‘Wil je het aan met mij?’, 2 experts over hoe je omgaat met kinderverliefdheid: “Toon interesse en veeg hun gevoelens niet van tafel”
Cupido’s pijlen treffen net zo goed kinderharten. En al zijn die hartjes fysiek nog wat kleiner, verliefdheid kan voor kinderen al heel emotioneel zijn. “Jong of oud: voor allebei staat verliefdheid gelijk aan een verwarrend, maar allesoverheersend gevoel", weet filosoof Kristof Van Rossem. Hij legt samen met seksuologe Evelien Luts uit welke soorten verliefdheid er zijn en hoe je best omgaat met een verliefde kleuter, kind of puber. “Laat verliefdheid of liefdesverdriet geen individueel gevoel zijn waar ze alleen mee worstelen, maar een onderwerp dat open besproken kan worden.”

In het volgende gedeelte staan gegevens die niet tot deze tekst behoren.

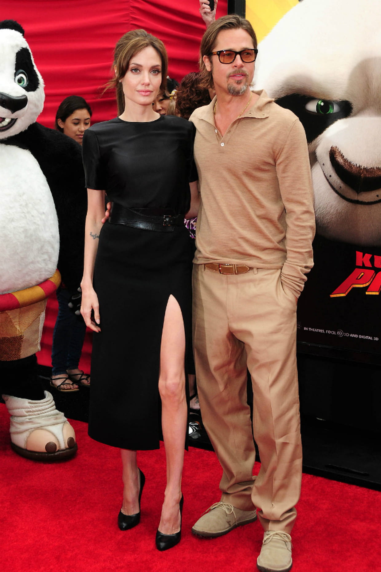 Angelina Jolie en haut noir et jupe fendue avec Brad Pitt à l'avant-première du film Kung Fu Panda 2 à Los Angeles le 22 mai 2011.
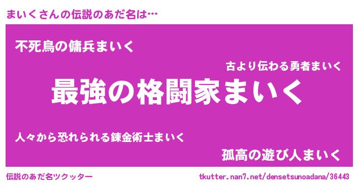 | 意味不明あだ名 | 『自称まいく』『まいくフォーエバー』 |

“Om een goed koppel te zijn, moet je altijd blij zijn. Ook als hij snurkt”, weet Wynne (7). Hét geheim voor een langdurige liefdesrelatie zal wellicht nooit ontrafeld worden, maar kleine kids lijken er soms met hun adviezen best dichtbij te zitten. Of de waarheid daadwerkelijk uit een kindermond komt, laten we in het midden. Wel staat vast dat de Liefde met een grote L kinderen al vanaf jonge leeftijd begeestert. “Jong of oud: voor allebei staat verliefdheid gelijk aan een verwarrend, maar allesoverheersend gevoel”, weet filosoof Kristof Van Rossem.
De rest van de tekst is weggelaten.